Problem Statement
Build a real-time, open-source, modular avatar system that can listen, think, speak, and
live-stream with sub-second latency. The avatar must be fully local or self-hosted with
no paid APIs. The design should be generic, configurable, and easily re pursuable
(education, support bot, campus guide, helpdesk, etc.) with minimal changes.
Core capabilities
• Real-time audio I/O and streaming: Capture mic input, render synthesized speech/video,
and broadcast to viewers with WebRTC or equivalent, targeting sub-second latency.
Prefer Janus/Ant Media Server or similar open-source media servers; RTMP/HLS can be
provided as fallback.
• Lip-synced talking head: Given either TTS audio or pre-recorded audio, animate a 2D
face or 3D head with high-quality lip sync in real time; acceptable open-source options
include Wav2Lip or MuseTalk. Support at least 24–30 FPS on a single consumer GPU.
• Offline or self-hostable speech stack: Open-source ASR (e.g., Whisper variants) and
open-source TTS capable of low-latency streaming synthesis; must output
phonemes/visemes or timestamps usable for lip sync. No paid cloud TTS.
• Reasoning/LLM: Use an open-source chat model (e.g., Llama-family via local inference).
Allow plug-and-play to swap models and prompt templates. No paid APIs.
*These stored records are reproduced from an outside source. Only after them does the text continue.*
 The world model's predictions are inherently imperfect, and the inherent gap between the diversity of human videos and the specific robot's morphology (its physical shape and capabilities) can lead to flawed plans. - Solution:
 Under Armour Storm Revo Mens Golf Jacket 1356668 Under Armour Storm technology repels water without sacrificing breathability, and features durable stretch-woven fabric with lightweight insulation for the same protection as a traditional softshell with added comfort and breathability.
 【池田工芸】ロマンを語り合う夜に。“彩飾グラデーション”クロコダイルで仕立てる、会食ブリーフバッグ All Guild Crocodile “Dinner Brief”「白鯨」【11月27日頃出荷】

• Frontend avatar rendering: Provide two interchangeable frontends:
• 2D talking-head (image-driven) using lip-sync model output.
• Web 3D avatar (GLB/ReadyPlayerMe spec) with blendshape/viseme mapping driven by
phoneme timings.
• Session orchestration: Real-time loop: mic audio → ASR → LLM → TTS (+phonemes) →
lip-sync/3D visemes → stream to viewers. Design must support back-pressure and
graceful degradation.
Deliverables
• Source code and Docker compose for all services; single command brings up the stack
locally with GPU if available.
• Two reference avatars:
• 2D portrait image talking head pipeline.
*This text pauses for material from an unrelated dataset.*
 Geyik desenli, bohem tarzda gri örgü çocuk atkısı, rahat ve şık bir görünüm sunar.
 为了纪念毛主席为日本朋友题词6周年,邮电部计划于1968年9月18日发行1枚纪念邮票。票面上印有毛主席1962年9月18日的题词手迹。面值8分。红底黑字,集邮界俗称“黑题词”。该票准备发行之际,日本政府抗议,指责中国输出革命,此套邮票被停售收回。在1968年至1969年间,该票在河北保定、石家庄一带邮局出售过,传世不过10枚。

• 3D GLB avatar pipeline with viseme mapping.
• Demo web app:
• One-to-one conversation view (caller + avatar) and viewer broadcast mode.
• Toggle between ASR→LLM→TTS loop and text-input mode.
• Documentation:
• Setup guides for Ubuntu with NVIDIA GPU, model downloads, and performance tips.
• Architecture diagram and module interfaces to enable reuse in other projects.
• Benchmark report:
• Latency per stage, FPS, VRAM/CPU usage for small/medium models, and scalability
notes.
Acceptance criteria
• Fully functional local demo with: live mic input, real-time response, synchronized mouth
movements, and WebRTC live playback with sub-second to near-real-time latency.
• No paid or proprietary APIs; all components must run from open-source projects with
local inference.
• Easy retargeting: Changing the avatar (new image or GLB) and swapping the LLM or TTS
must not require code changes beyond config edits.
• Documented deployment for CPU-only fallback and GPU-accelerated paths, with
expected quality differences.
Suggested open-source building blocks (non-binding)
• Streaming: Janus Gateway or Ant Media Server Community for WebRTC; fallback RTMP
ingest to server.
• Lip-sync: Wav2Lip, MuseTalk; optional CodeFormer/ESRGAN for quality.
• ASR: Whisper variants (local).
• TTS: Open-source TTS with phoneme/timestamp support or alignment workflow.
• 3D frontend: [Link] with ReadyPlayerMe-style GLB and viseme mapping.
This framing keeps it generic, reusable, and fully open-source, while supporting live
streaming, lip-sync, and GPU acceleration for real-time performance.